Excellent, I've been waiting for that. I find these useful to use, but if someone is going to use this for analysis wouldn't it make sense to divide the list into 3 sections (new items added since the last update, items carried over from last update, and items removed since last update (which would be red links in the case of the deletion lists)). I guess it depends on how you intend to use the output (other than as an alternate way to see what's in the category). NoSeptember 18:03, 25 January 2007 (UTC)
Well, the list of what has been added and removed is already in the diffs between revisions, so it isn't really that necessary to also display it explicitly within each revision. I was, however, thinking of breaking out the number of entries per diff, which doesn't really tell the whole story. For instance, nine new entries could be added to CAT:CSD while ten are deleted, yet someone just tracking the # of entries in the edit summaries would see it as going down by one, and wouldn't think to view the diff to see that some new stuff has actually been added. Thus I'm looking into putting numbers into the edit summary like (100 current, 10 removed, 9 added) or some such. --Cyde Weys 21:30, 25 January 2007 (UTC)[reply]
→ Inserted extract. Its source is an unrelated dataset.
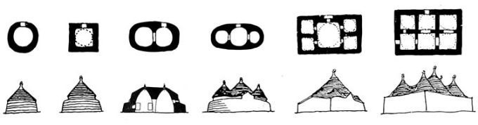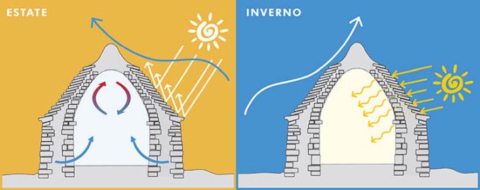 Il trullo pugliese, di origini antichissime, è uno straordinario esempio di architettura vernacolare italiana. Prodotto della cultura contadina, con pietra locale a basso costo, è la soluzione tecnica ed estetica alle esigenze climatiche tipiche del luogoIndice degli argomenti: Un’architettura spontanea, espressione della cultura contadina Storia dei trulli ed evoluzione La valle d’Itria o Murgia dei Trulli L’arte della tecnica costruttiva a secco Pseudocupola (cupola a sbalzo o falsa cupola) Principi di bioclimatica del trullo Pinnacoli e simbologia dei trulli Normative e prospettive di tutela dei trulli pugliesi Dopo aver visto un esempio di architettura vernacolare italiana (i Trabucchi o Trabocchi) icona delle coste abruzzesi e garganiche, oggi ci addentriamo nel cuore della Puglia per un viaggio alla scoperta dei celebri Trulli, fiabesche casupole in pietra dai tetti a forma di cono, che evocano tempi lontani, tinti di magia e mistero. Espressione della cultura contadina, di una civiltà remota basata sulla complicità atavica tra uomo e ambiente naturale in una simbiosi fatta d’istinto ed empatia, quando le leggi della natura erano le sole regole a cui obbedire. Patrimonio Unesco fin dal 1996, il trullo (in pugliese truddu, dal greco “tholos”, cupola) è una costruzione in pietra calcarea tipica della zona centrale della puglia (in dialetto casedda), realizzata con la stessa tecnica dei muri a secco (in dialetto parieti), senza ausilio di malta o cemento. Portati al centro del dibattito architettonico da Giuseppe Pagano e Daniel Guarniero, che hanno condotto una scrupolosa ricerca sul tema dell’abitare – confluita in una mostra fotografica esposta alla Triennale di Milano del 1936 e depositata nel libro-catalogo “Architettura rurale italiana” – attraverso un coinvolgimento diretto che li ha condotti tra paesi, città e campagne di tutta Italia. Essi indagano l’evoluzione della casa rurale italiana fin dalle primitive origini “non soltanto per il contributo spirituale ed estetico che ci può fornire una indagine sulla funzionalità della casa rurale, ma anche per affrontare con conoscenza più approfondita il problema pratico delle nuove costruzioni rurali che il Governo fascista sta progettando in tutta Italia. […] per dedurre da questa analisi la via logica per determinare la forma della casa colonica adatta ai nostri tempi, alle esigenze moderne, alla cultura storica del nostro Paese”. Trent’anni dopo, nel 1964, l’architetto austriaco Bernard Rudofsky, porterà all’attenzione globale il tema dell’architettura vernacolare con una mostra fotografica organizzata al Moma di New York, dal titolo “Primitive Architecture“ confluita poi nel catalogo Architecture without architects. Accanto alle numerose testimonianze di architettura spontanea sparse per il mondo (Stonehenge, capanne primitive in Asia e Africa, edifici in terra cruda, villaggi fortificati, case-palafitta, magazzini-fortezze, casegrotta della Cappadocia in Turchia, i Trabucchi del Gargano), fecero la loro comparsa anche i caratteristici Trulli di Alberobello. Un’architettura spontanea, espressione della cultura contadina Il trullo, da una parte rappresenta la memoria storica di un popolo, portatrice di valori, cultura e tradizioni; dall’altra è un modello che cela i segreti costruttivi più autentici, sapiente risultato del felice incontro tra uomo e natura attraverso 3 ingredienti espressione del genius loci: clima, materiale edilizio locale, ed economia agricola. Questo perché il vernacolo “non segue capricci né mode … si commisura alle dimensioni umane e ai bisogni umani, senza fronzoli, senza l’isteria del progettista…il semplice affidarsi a materiali edilizi locali garantisce il persistere di metodi costruttivi nobilitati nel tempo”. (B. Rudofsky) I trulli di Alberobello Costruzioni analoghe per forma, tecnica e materiali esistono in molte parti del globo, dai Pinnettas sardi, alle Pagliare molisane, ai Tucul africani, alle Tholoi micenee ma è specialmente in Puglia che si sono manifestate le condizioni ideali affinché il linguaggio architettonico sia evoluto dalla ruralità funzionale, verso un’estetica più raffinata e singolare, tale da essere considerata Patrimonio dell’Umanità. Storia dei trulli ed evoluzione Definiti dallo storico francese Emile Bertaux “costruzioni senza tempo”, i Trulli sono la manifestazione formale di un abitare intimamente legato al territorio, alla terra quale fonte di sostentamento, l’archetipo della cultura rurale pugliese dipendente dalla cura del podere, dall’agricoltura e dall’allevamento. Le fasi evolutive dell’architettura a trullo Il Trullo è la mirabile soluzione di un problema di economia agraria, rurale. Come ogni architettura, trae origine dalla primitiva necessità dell’uomo di ripararsi dalle intemperie, di avere un rifugio sicuro, basato sulla massima economia di spesa, fatica e tempo, offrendo al contadino una dimora che consente di rimanere a vivere con la famiglia sul terreno di lavoro. Anche se non mancano in Puglia, esemplari di architetture megalitiche come dolmen e menhir o resti di antiche civiltà Neolitiche, l’origine del trullo (casella in dialetto) può farsi risalire all’archetipo della capanna primitiva in legno e paglia poi evoluta nei tipici pajari in pietra pugliesi. Il più antico manufatto superstite di cui si conosce la data (1559: incisa sull’architrave) è il Trullo Marziolla in Valle d’Itria, poco distante da Locorotondo. Usato dai contadini che coltivavano i vigneti antistanti, è costruito in pietra a secco, di pianta circolare e si erge in altezza per 5,15 metri. Trullo Marziolla, Valle d’Itria, 1559. (contrada Marziolla, Locorotondo) Nonostante le variazioni formali più o meno decisive, esistono dei caratteri dominanti che identificano la tipologia architettonica o archetipo. Ad esempio, si possono rintracciare due tipologie di copertura: a tumulo (con ter

Sounds good to me. The intervals sound quite short though: can anyone comment on the implications of frequent category page-gets as far as server impact is concerned? I'd assume these have more implications for db queries than the same number of article (etc) page fetches due to different caching, but I'm entirely hazy on the details of how that's implemented. Anyhoo, that's just a matter of tuning, as Cyde says. Alai 23:57, 26 January 2007 (UTC)[reply]
Getting a category page takes just as much server "effort" (as it were) as getting an article page. What requires a little bit of extra effort with categories is updating them when the text of another page changes to add or remove the category from it. But the category page itself is entirely cached. Once every five minutes is going to have a completely negligible effect on the servers. Hell, look at AntiVandalBot: it compares the diffs of every edit made to Wikipedia, live, and it's not really a problem either. --Cyde Weys 16:59, 28 January 2007 (UTC)[reply]
From what I know of the Mediawiki software, I think Cyde is right about category pages being cached, and having a server load on par with loading a cached article. HighInBC (Need help? Ask me) 17:05, 28 January 2007 (UTC)[reply]
I know zilch about same, but I should have inferred as much from the structure of the job queue handling of large category changes. Fair enough then, aforementioned 'tuning' on the basis of the write-rate seems perfectly sufficient. I'll note that the "not a problem by analogy" argument isn't entirely sound, since replication of numerous reasonable loads isn't necessarily itself reasonable. (More of a problem if there were umpteen AVBs, though, rather than in this case.) Alai 07:31, 31 January 2007 (UTC)[reply]

 Approved.Mets501 (talk) 19:51, 7 February 2007 (UTC)[reply]

The above discussion is preserved as an archive of the debate. Please do not modify it. Subsequent comments should be made in a new section.